Originally Posted by skanking biker
actually marley did but madness still rocks
Marley was like 10 or 12 when people started playing ska... Nobody in particular invented it, it just sort of came about.
Short history lesson:
Lower-class black Jamaicans have entertained themselves with outdoor music parties since they were enslaved and taken from Africa to the Carribean. For most of history, they had live bands. Economic and social realities in the 1940's made musicians hard to come by, so people started playing records on old record players hooked up to PA systems (these were actually the original raves in a way). American R&B, and a little jazz, was what they played. These 'sound systems' got bigger and bigger, and began competing with each other for customers. The primary way they competed was by playing new and/or exclusive records, normally obscure R&B tunes, that other systems didn't have. By the mid-1950's the big operators (first Coxsone Dodd and Duke Reid, a little later Prince Buster) realized that recording their own songs would be a great way to ensure exclusivity.

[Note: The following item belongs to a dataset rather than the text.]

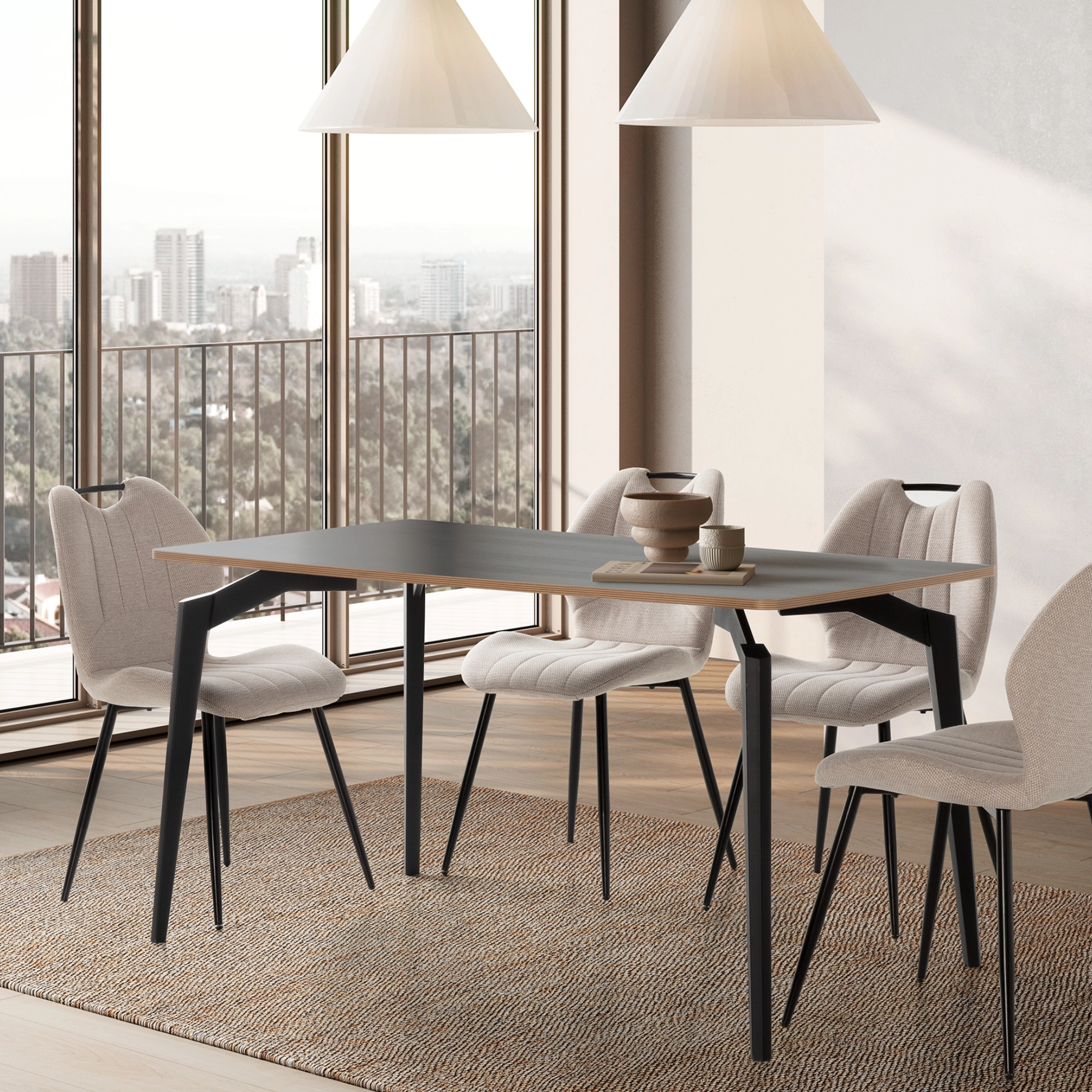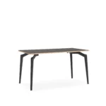 La Mesa Rectangular Denia de Marckeric (140 cm) es una pieza de diseño nórdico-industrial que destaca por su inteligente juego de contrastes. Combina un sobre en negro mate con el canto de madera contrachapada vista, un detalle artesanal que aporta calidez y rompe con la sobriedad del color oscuro.

At first, it was all just straight R&B, but musicians and singers innovated by incorporating rhythms and sounds from the local calypso and mento music (as well as bringing Rastafari drummers and their flat-out African beats into the studios). By 1958 or 1959, it was ska. Most of the music that we listen to from 1950's and early 60's Jamaica is ska, but there was still tons of straight R&B being produced - if you can track down the Wailers album "One Love at Studio One (1964-1966)" (i forget whether i found it on torrentspy or thepiratebay, should still be active though), you'll get a kick out of hearing Bob Marley singing stuff like 'teenager in love.'
Also: the musicians later known as the Skatelites were the main studio band throughout this time, playing for just about every singer in the country. They were extremely talented and serious musicians, hence they loved jazz. that's why ska horns are they way they are.